Each record below must come back exactly as written; its pictures must not.
--
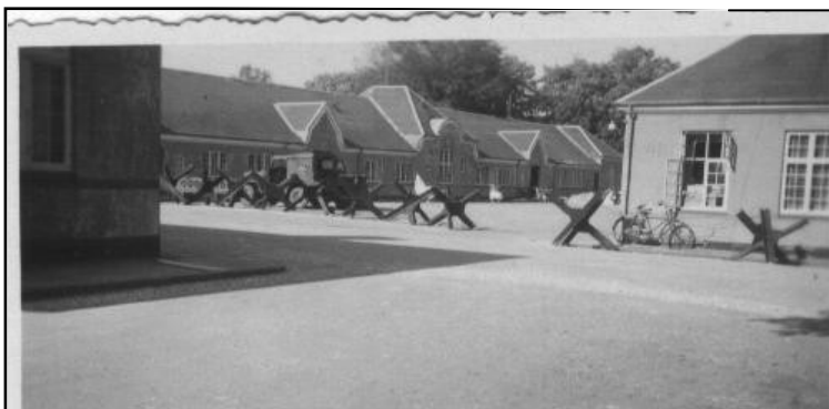
SOC Øst på Flyvestation Værløse

En dag, da jeg havde fri, så jeg en amerikansk F-86A Sabre jetjager nødlande på startbanen. Brandbilerne var kørt frem, men der skete kun materiel skade - heldigvis. (Det var noget med, at landingshjulene ikke var kommet ned).
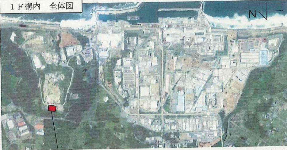
1 F 構内 全体図
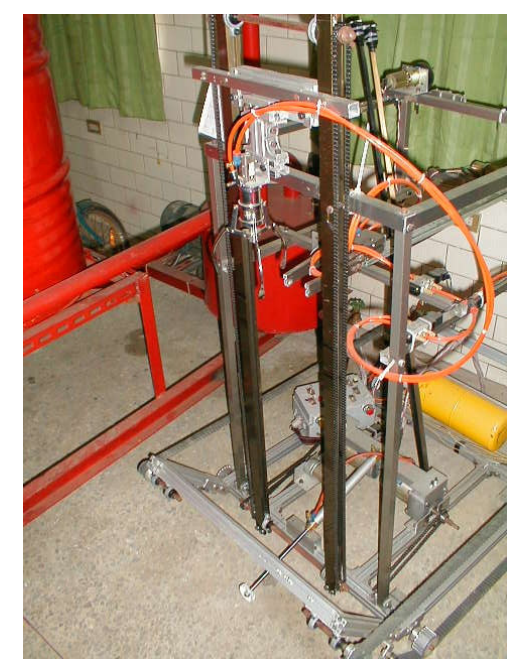
圖 6 氣壓夾爪之升降機構
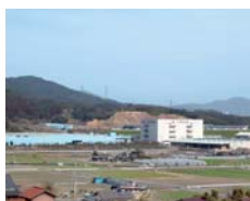
基山グリーンパーク

町内には交通の利便性を活かして、基山工業団地や基山グリーンパーク等の工業団地が整備され、製造業、流通業を中心にたくさんの企業の工場や事務所が立地しています。
--
> _ANSWER SPACE_:
SOC Øst på Flyvestation Værløse

En dag, da jeg havde fri, så jeg en amerikansk F-86A Sabre jetjager nødlande på startbanen. Brandbilerne var kørt frem, men der skete kun materiel skade - heldigvis. (Det var noget med, at landingshjulene ikke var kommet ned).
1 F 構内 全体図
圖 6 氣壓夾爪之升降機構
基山グリーンパーク

町内には交通の利便性を活かして、基山工業団地や基山グリーンパーク等の工業団地が整備され、製造業、流通業を中心にたくさんの企業の工場や事務所が立地しています。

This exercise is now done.